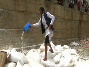 RAYMA, July 21 (YPA) – The local and judicial authorities in Rayma province, in central Yemen, on Sunday destroyed 16 tons of foodstuffs of the United Nations World Food Program (WFP) for being unfit for human use.
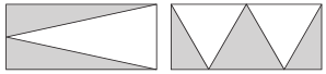 6.一块长方形铁板(见下图),从一条长边的中点到两条短边的中点分别连一条线,沿这两条线剪下两个角,剩下图形的面积是多少?(单位:cm)(6分)
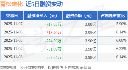 证券之星消息,11月7日,青松建化(600425)融资买入3050.48万元,融资偿还3768.31万元,融资净卖出717.83万元,融资余额3.88亿元。
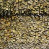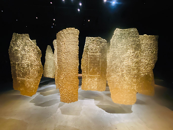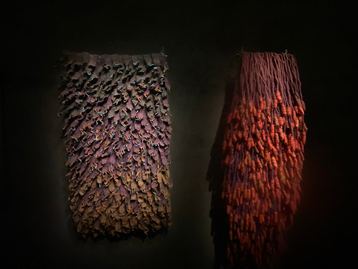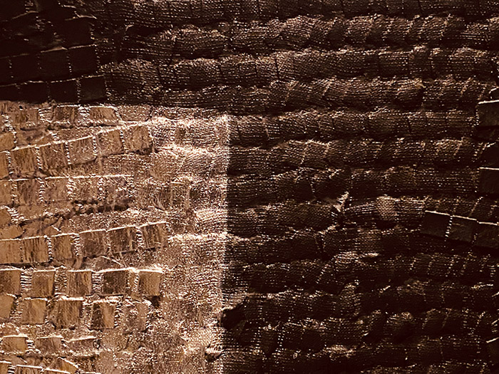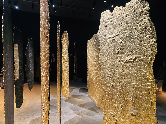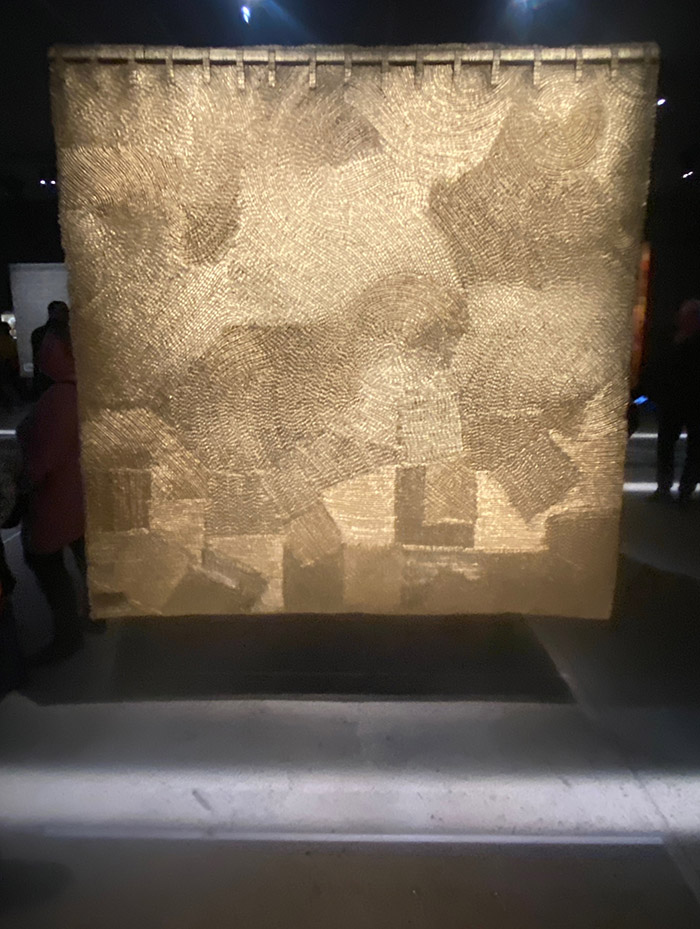 Entrer dans cette salle sombre où les seules lumières viennent du reflet sur l’or des structures tissées, avec ses sièges tout autour, fait penser à la chapelle Rothko à Houston. Et pourtant tout est différent, sauf le silence. Dans cette dernière, les visiteurs sont au centre, les grands tableaux sombres sur les murs octogonaux. Ici, cette série de stèles, débutée en 1996, est constituée de structures en coton, recouvertes de gesso de peinture et de feuilles d’or qui font oublier le textile.

What the task asks: Starting at the first line of the material above and ending with the line that contains "证券之星消息,11月7日,青", reproduce every line exactly, and leave out the pictures.

Solution:
 RAYMA, July 21 (YPA) – The local and judicial authorities in Rayma province, in central Yemen, on Sunday destroyed 16 tons of foodstuffs of the United Nations World Food Program (WFP) for being unfit for human use.
 6.一块长方形铁板(见下图),从一条长边的中点到两条短边的中点分别连一条线,沿这两条线剪下两个角,剩下图形的面积是多少?(单位:cm)(6分)
 证券之星消息,11月7日,青松建化(600425)融资买入3050.48万元,融资偿还3768.31万元,融资净卖出717.83万元,融资余额3.88亿元。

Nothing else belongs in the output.